What you will do =>
Write out the records that follow exactly. Do not include pictures.

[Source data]
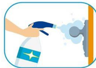
3 Limpiar las superficies de alto contacto
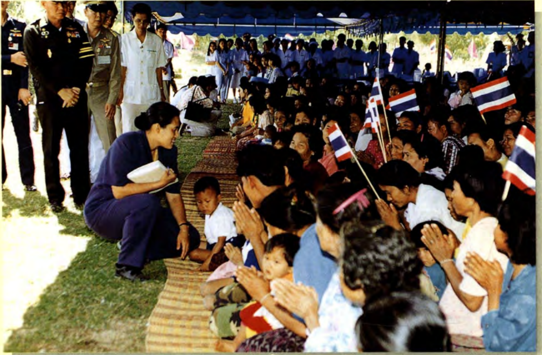
สมเด็จพระเทพรัตนราชสุดาฯ สยามบรมราชกุมารี เสด็จพระราชดำเนินเยี่ยมโรงเรียนในถิ่นทุรกันดาร
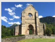
Ruine de l'Abbatiale à St-Jean d'Aulps
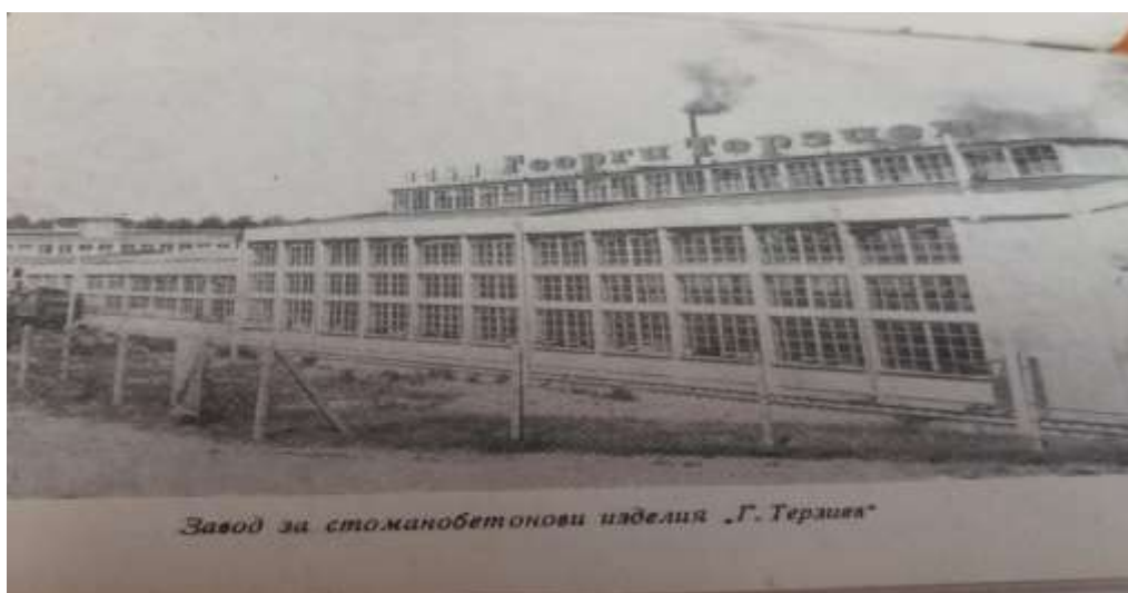
Фигура 2. Завод за стоманобетонени изделия „Георги Терзиев“ (Ivanov et al.,1966)

За леката промишленост значение имат ТПК „Милан Василев“ за производство на дрехи и папурени изделия и ТПК „Обединение“ за шивашки и обушарски изделия. Градският промишлен комбинат произвеждал ламаринени изделия, част от които се изработвали единствено тук за разпространение в цялата страна.
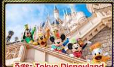
อิสระ Tokyo Disneyland
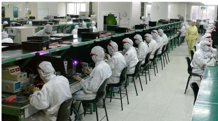
중국 선전의 생산 현장.
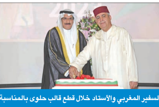
السفير المغربي والأستاذ قطع قالب حلوى بالمناسبة

السفير المغربي في «عيد العرش»: الكويت الثالثة عربياً من حيث الاستثمارات في بلادنا
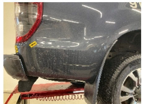
9. Lakk / karosseri utvendig
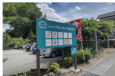
↑閉校した学校を再活用(飯綱町)
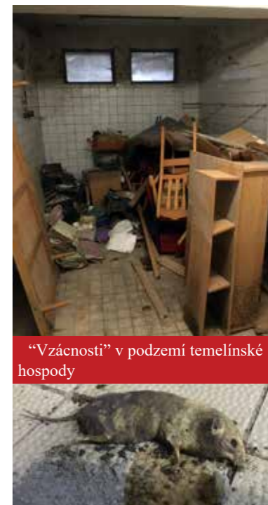
„Vzácnosti“ v podzemí temelínské hospody

Nyní jsou všechny inkriminované prostory opět prázdné, a tak jsme se tam s paní Sládkovou vydali na malou exkurzi, o které vám dáme vědět
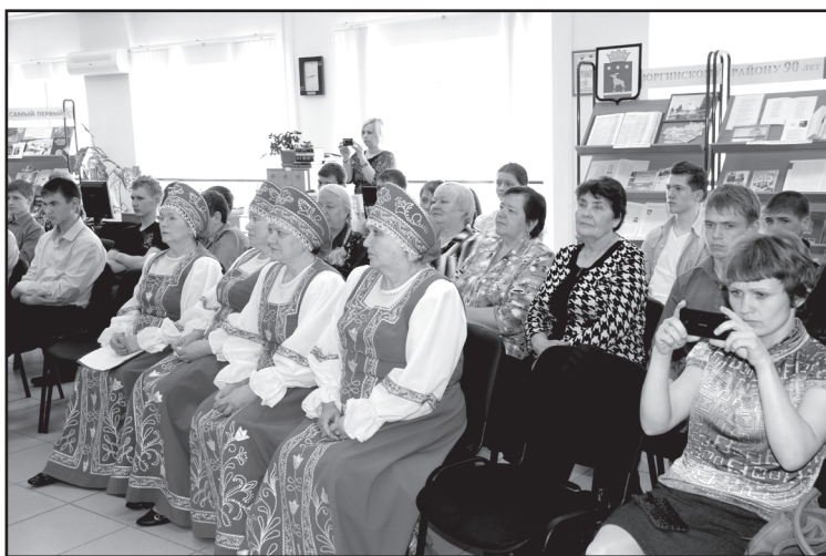
В зрительном зале

На Юргинской земле есть немало красивее мест, Многолюднее сёл и полей плодородней, но всё же Нет любимей тебя, живописней окрестностей нет,
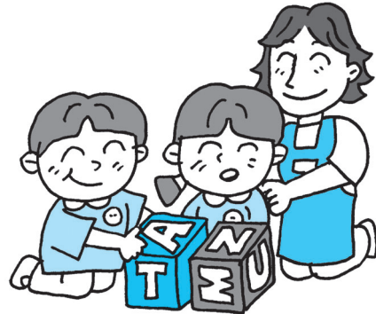
区立幼稚園の今後は
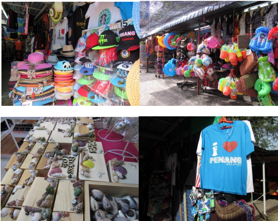
RAJAH 4 Pelbagai cenderamata dijual di sekitar pantai

akses iaitu skor sebanyak 3.78. Bagi kemudahan kedai runcit di setiap lokasi sebanyak 41.7% (125) responden setuju dengan pernyataan ini. Terdapat banyak kedai runcit yang memudahkan pengunjung membeli barang keperluan mereka. Seterusnya, terdapat tempat membeli-belah (cenderahati dan lain -lain) yang menarik dan senang didapati. Sebanyak 48.7% (146) responden memilih neutral. Ini kerana cenderamata mudah untuk didapati di sekitar pantai. Rajah 6 menunjukkan kedai cenderamata yang terdapat di sekitar pantai. Kemudahan farmasi dan klinik berhampiran mencatat skor min 3.60. Adanya klinik atau farmasi ini ia akan memudahkan pengunjung mendapatkan rawatan dengan segera jika berada di dalam keadaan tidak sihat . Rajah 7 menunjukkan klinik satu Malaysia yang terdapat di pantai Batu Ferringhi. Oleh itu, sektor sokongan sangat penting di dalam sesebuah kawasan pelancongan supaya dapat memudahkan pengunjung semasa percutian mereka.
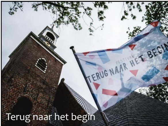
Terug naar het begin
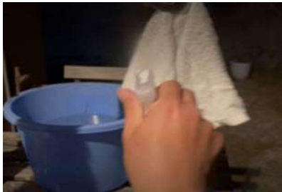
他社アルコール入り冷感スプレー

フリーズテックはまったく燃えなかったのに対し、他社アルコール入りスプレーは一瞬にして炎が広がりました。

Task solution =>
3 Limpiar las superficies de alto contacto
สมเด็จพระเทพรัตนราชสุดาฯ สยามบรมราชกุมารี เสด็จพระราชดำเนินเยี่ยมโรงเรียนในถิ่นทุรกันดาร
Ruine de l'Abbatiale à St-Jean d'Aulps
Фигура 2. Завод за стоманобетонени изделия „Георги Терзиев“ (Ivanov et al.,1966)

За леката промишленост значение имат ТПК „Милан Василев“ за производство на дрехи и папурени изделия и ТПК „Обединение“ за шивашки и обушарски изделия. Градският промишлен комбинат произвеждал ламаринени изделия, част от които се изработвали единствено тук за разпространение в цялата страна.
อิสระ Tokyo Disneyland
중국 선전의 생산 현장.
السفير المغربي والأستاذ قطع قالب حلوى بالمناسبة

السفير المغربي في «عيد العرش»: الكويت الثالثة عربياً من حيث الاستثمارات في بلادنا
9. Lakk / karosseri utvendig
↑閉校した学校を再活用(飯綱町)
„Vzácnosti“ v podzemí temelínské hospody

Nyní jsou všechny inkriminované prostory opět prázdné, a tak jsme se tam s paní Sládkovou vydali na malou exkurzi, o které vám dáme vědět
В зрительном зале

На Юргинской земле есть немало красивее мест, Многолюднее сёл и полей плодородней, но всё же Нет любимей тебя, живописней окрестностей нет,
区立幼稚園の今後は
RAJAH 4 Pelbagai cenderamata dijual di sekitar pantai

akses iaitu skor sebanyak 3.78. Bagi kemudahan kedai runcit di setiap lokasi sebanyak 41.7% (125) responden setuju dengan pernyataan ini. Terdapat banyak kedai runcit yang memudahkan pengunjung membeli barang keperluan mereka. Seterusnya, terdapat tempat membeli-belah (cenderahati dan lain -lain) yang menarik dan senang didapati. Sebanyak 48.7% (146) responden memilih neutral. Ini kerana cenderamata mudah untuk didapati di sekitar pantai. Rajah 6 menunjukkan kedai cenderamata yang terdapat di sekitar pantai. Kemudahan farmasi dan klinik berhampiran mencatat skor min 3.60. Adanya klinik atau farmasi ini ia akan memudahkan pengunjung mendapatkan rawatan dengan segera jika berada di dalam keadaan tidak sihat . Rajah 7 menunjukkan klinik satu Malaysia yang terdapat di pantai Batu Ferringhi. Oleh itu, sektor sokongan sangat penting di dalam sesebuah kawasan pelancongan supaya dapat memudahkan pengunjung semasa percutian mereka.
Terug naar het begin
他社アルコール入り冷感スプレー

フリーズテックはまったく燃えなかったのに対し、他社アルコール入りスプレーは一瞬にして炎が広がりました。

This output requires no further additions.